BEGIN Source material
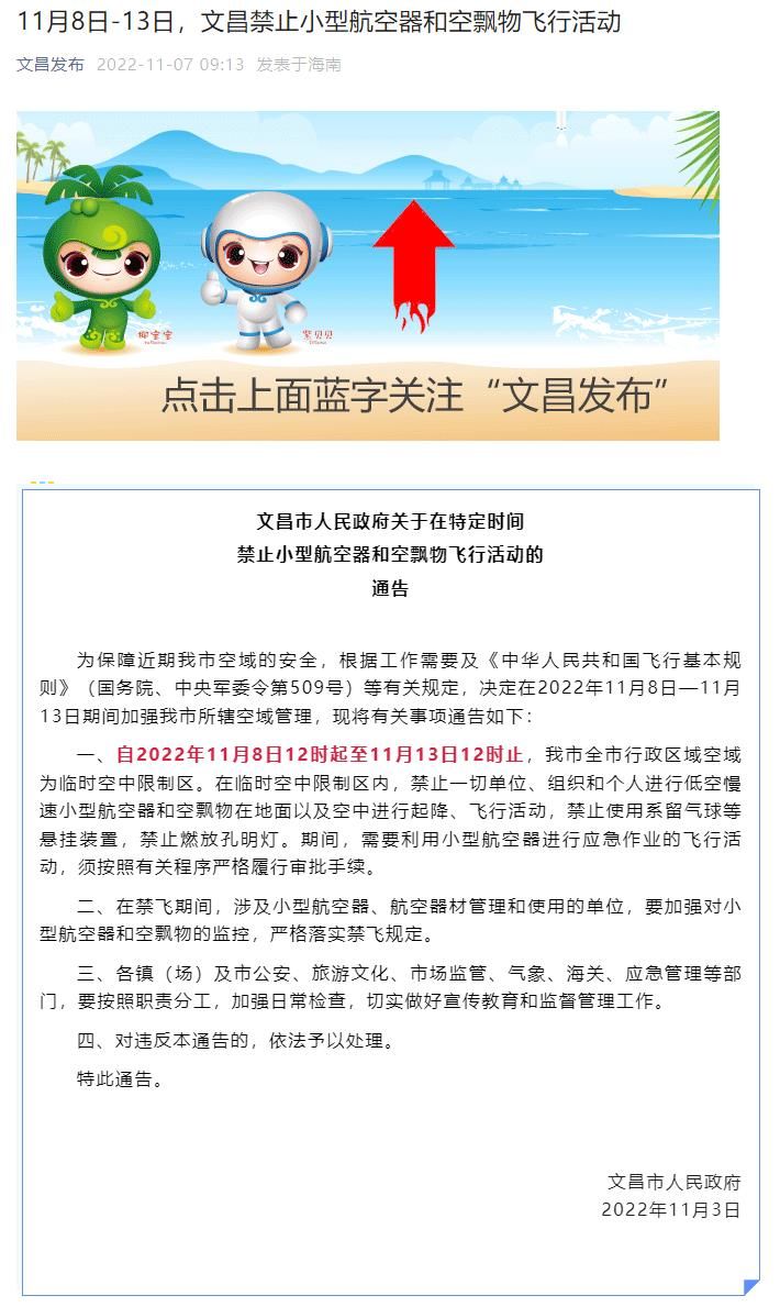 一、自2022年11月8日12时起至11月13日12时止,文昌市全市行政区域空域为临时空中限制区。在临时空中限制区内,禁止一切单位、组织和个人进行低空慢速小型航空器和空飘物在地面以及空中进行起降、飞行活动,禁止使用系留气球等悬挂装置,禁止燃放孔明灯。期间,需要利用小型航空器进行应急作业的飞行活动,须按照有关程序严格履行审批手续。
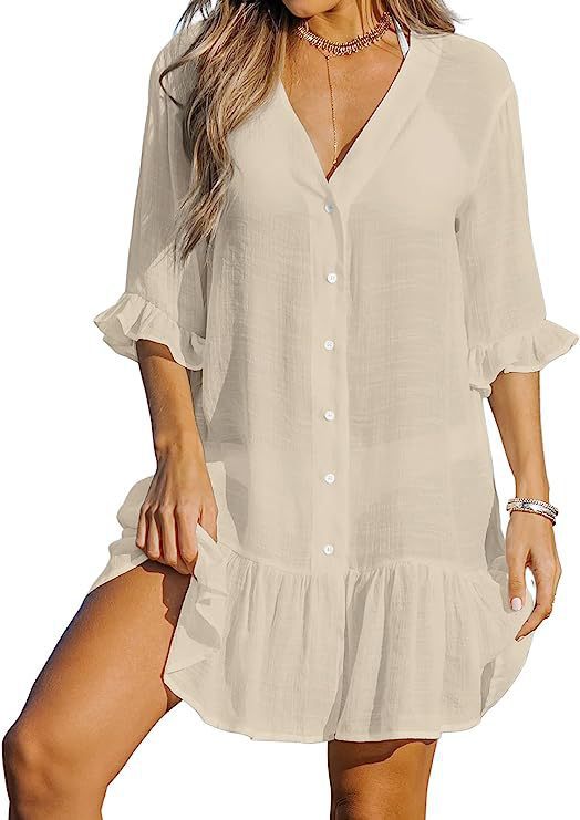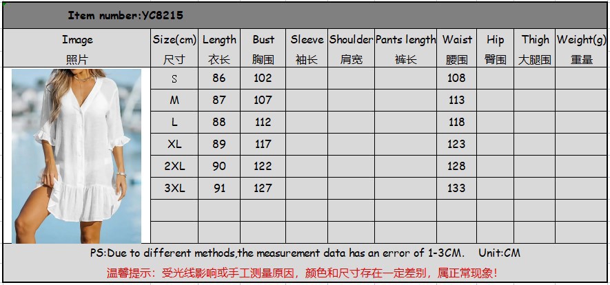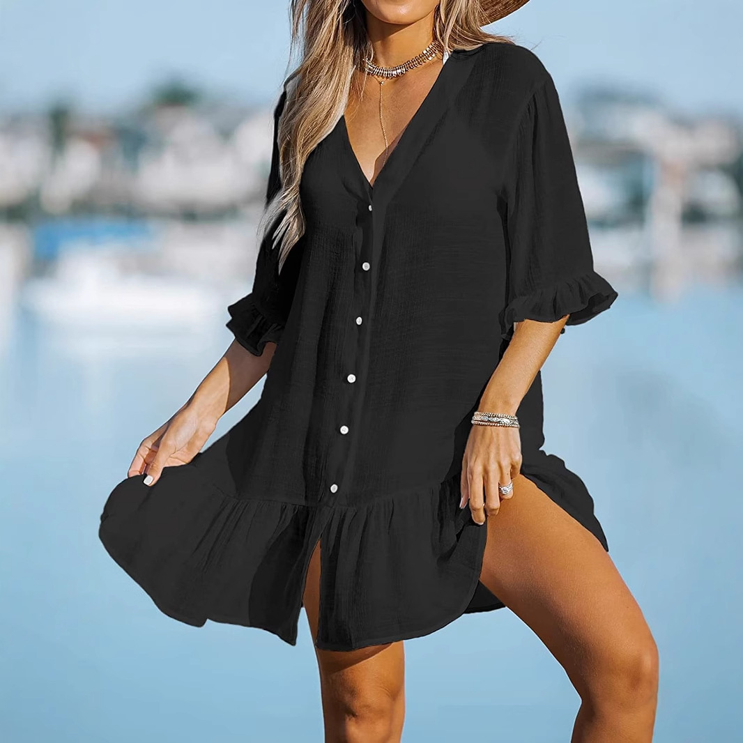 같은 날 배송 유럽과 미국 2023 여름 브이넥 프릴 원피스 아마존 단색 비치 스커트 선 스크린 블라우스 여성
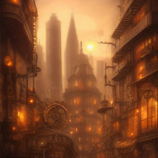 • Golden steampunk city atmosphere: The mention of a golden atmosphere sets a warm and radiant tone. It implies a city bathed in the glow of sunset, casting a golden hue over the buildings and creating a visually striking ambiance.
END Source material
- **Problem**
Repeat only the lines between the start of the data and the line with "같은 날 배송 유럽과", including those two lines, and skip the pictures.

- **Exercise answer**
 一、自2022年11月8日12时起至11月13日12时止,文昌市全市行政区域空域为临时空中限制区。在临时空中限制区内,禁止一切单位、组织和个人进行低空慢速小型航空器和空飘物在地面以及空中进行起降、飞行活动,禁止使用系留气球等悬挂装置,禁止燃放孔明灯。期间,需要利用小型航空器进行应急作业的飞行活动,须按照有关程序严格履行审批手续。
 같은 날 배송 유럽과 미국 2023 여름 브이넥 프릴 원피스 아마존 단색 비치 스커트 선 스크린 블라우스 여성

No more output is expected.